##### DATA FOR THIS EXERCISE #####
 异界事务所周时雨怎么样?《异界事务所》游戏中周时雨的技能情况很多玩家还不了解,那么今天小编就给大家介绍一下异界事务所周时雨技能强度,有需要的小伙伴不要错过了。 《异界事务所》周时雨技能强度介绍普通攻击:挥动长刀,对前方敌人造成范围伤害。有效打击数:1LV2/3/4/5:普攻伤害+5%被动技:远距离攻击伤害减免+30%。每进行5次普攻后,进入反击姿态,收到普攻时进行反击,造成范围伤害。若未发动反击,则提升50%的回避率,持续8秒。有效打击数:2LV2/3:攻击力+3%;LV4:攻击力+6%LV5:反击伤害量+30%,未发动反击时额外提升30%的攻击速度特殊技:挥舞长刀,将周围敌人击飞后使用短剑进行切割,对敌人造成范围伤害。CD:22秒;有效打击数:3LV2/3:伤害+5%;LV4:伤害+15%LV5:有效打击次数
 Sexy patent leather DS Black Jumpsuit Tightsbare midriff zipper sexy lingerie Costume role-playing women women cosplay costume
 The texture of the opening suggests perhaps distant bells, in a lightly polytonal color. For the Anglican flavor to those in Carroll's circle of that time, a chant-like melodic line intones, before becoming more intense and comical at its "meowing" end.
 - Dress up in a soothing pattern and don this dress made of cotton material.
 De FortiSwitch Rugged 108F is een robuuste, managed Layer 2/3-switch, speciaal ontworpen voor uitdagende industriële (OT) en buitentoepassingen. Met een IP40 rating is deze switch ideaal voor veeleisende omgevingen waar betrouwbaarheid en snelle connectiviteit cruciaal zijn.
#####
##### DATA FOR THIS EXERCISE #####
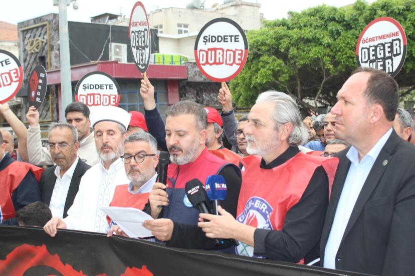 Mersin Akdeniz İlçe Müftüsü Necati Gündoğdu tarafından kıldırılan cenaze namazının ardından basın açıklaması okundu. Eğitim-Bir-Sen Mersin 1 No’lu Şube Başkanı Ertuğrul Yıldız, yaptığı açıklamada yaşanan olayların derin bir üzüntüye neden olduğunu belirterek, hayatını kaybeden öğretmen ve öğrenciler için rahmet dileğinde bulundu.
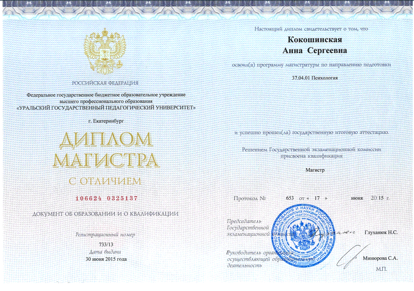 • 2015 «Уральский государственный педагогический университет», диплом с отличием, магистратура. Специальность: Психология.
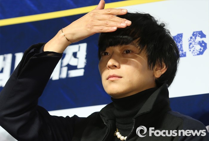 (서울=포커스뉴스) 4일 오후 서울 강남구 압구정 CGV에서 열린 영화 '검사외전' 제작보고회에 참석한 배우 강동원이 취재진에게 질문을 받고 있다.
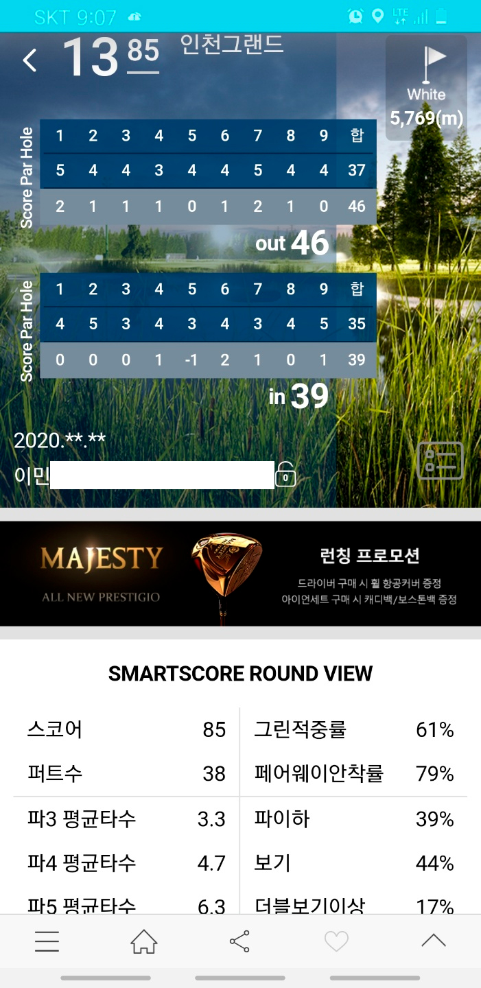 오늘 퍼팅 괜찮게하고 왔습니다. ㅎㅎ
#####
PROBLEM STATEMENT: Within the listing above, give again exactly every line from the line with "异界事务所周时雨怎么样?《异" through the line with "The texture of", both included, and no other line.

TASK OUTPUT:
 异界事务所周时雨怎么样?《异界事务所》游戏中周时雨的技能情况很多玩家还不了解,那么今天小编就给大家介绍一下异界事务所周时雨技能强度,有需要的小伙伴不要错过了。 《异界事务所》周时雨技能强度介绍普通攻击:挥动长刀,对前方敌人造成范围伤害。有效打击数:1LV2/3/4/5:普攻伤害+5%被动技:远距离攻击伤害减免+30%。每进行5次普攻后,进入反击姿态,收到普攻时进行反击,造成范围伤害。若未发动反击,则提升50%的回避率,持续8秒。有效打击数:2LV2/3:攻击力+3%;LV4:攻击力+6%LV5:反击伤害量+30%,未发动反击时额外提升30%的攻击速度特殊技:挥舞长刀,将周围敌人击飞后使用短剑进行切割,对敌人造成范围伤害。CD:22秒;有效打击数:3LV2/3:伤害+5%;LV4:伤害+15%LV5:有效打击次数
 Sexy patent leather DS Black Jumpsuit Tightsbare midriff zipper sexy lingerie Costume role-playing women women cosplay costume
 The texture of the opening suggests perhaps distant bells, in a lightly polytonal color. For the Anglican flavor to those in Carroll's circle of that time, a chant-like melodic line intones, before becoming more intense and comical at its "meowing" end.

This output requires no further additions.